Best Fit Equation D12159
1. **Problem Statement:**
Given data points with variables $X$, $Y$, and function values $Z$, we want to find the best fit equation for $Z$ as a function of $X$ and $Y$. We will consider four types of models: linear, quadratic, cubic, and exponential. We will discard up to 15% of the most extreme outliers to improve the fit.
2. **Data Cleaning (Outlier Removal):**
- Calculate residuals or errors from an initial fit (e.g., linear).
- Identify the top 15% of points with the largest residuals.
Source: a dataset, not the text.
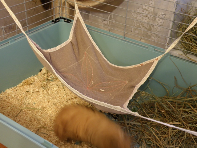 а вот новый гамачок.. тока мы не хотим в нем сидеть..домик ищем.. в сено зарываемся..
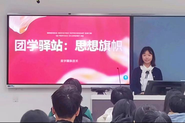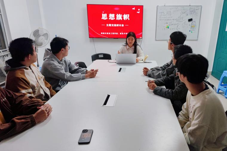 青马宣讲团成员李晨曦、齐雅晴、林丽金同学组织2022级数字媒体技术01班团支部、2022级电子信息类01班团支部、2022级电子信息类02班团支部、2022级集成电路设计与集成系统01、02班团干部和入团积极分子开展“思想旗帜”专题的理论学习团课1次、分享交流会2场。会上,大家就“六个必须坚持”“两个结合”等政治名词的含义、《论党的青年工作》等书籍的精神要义展开学习与讨论。

- Remove these points to reduce the influence of outliers.
3. **Model Forms:**
- Linear: $$Z = aX + bY + c$$
- Quadratic: $$Z = aX^2 + bY^2 + cXY + dX + eY + f$$
- Cubic: $$Z = aX^3 + bY^3 + cX^2Y + dXY^2 + eX^2 + fY^2 + gXY + hX + iY + j$$
- Exponential: $$Z = A e^{(aX + bY)}$$
4. **Fitting Procedure:**
- Use least squares regression for linear, quadratic, and cubic models.
- For exponential, take natural logarithm: $$\ln(Z) = \ln(A) + aX + bY$$ and fit linearly.
5. **Steps:**
- Fit initial linear model to all data.
- Compute residuals and remove top 15% largest residual points.
- Fit all four models to cleaned data.
- Calculate coefficient of determination $R^2$ for each model to assess fit quality.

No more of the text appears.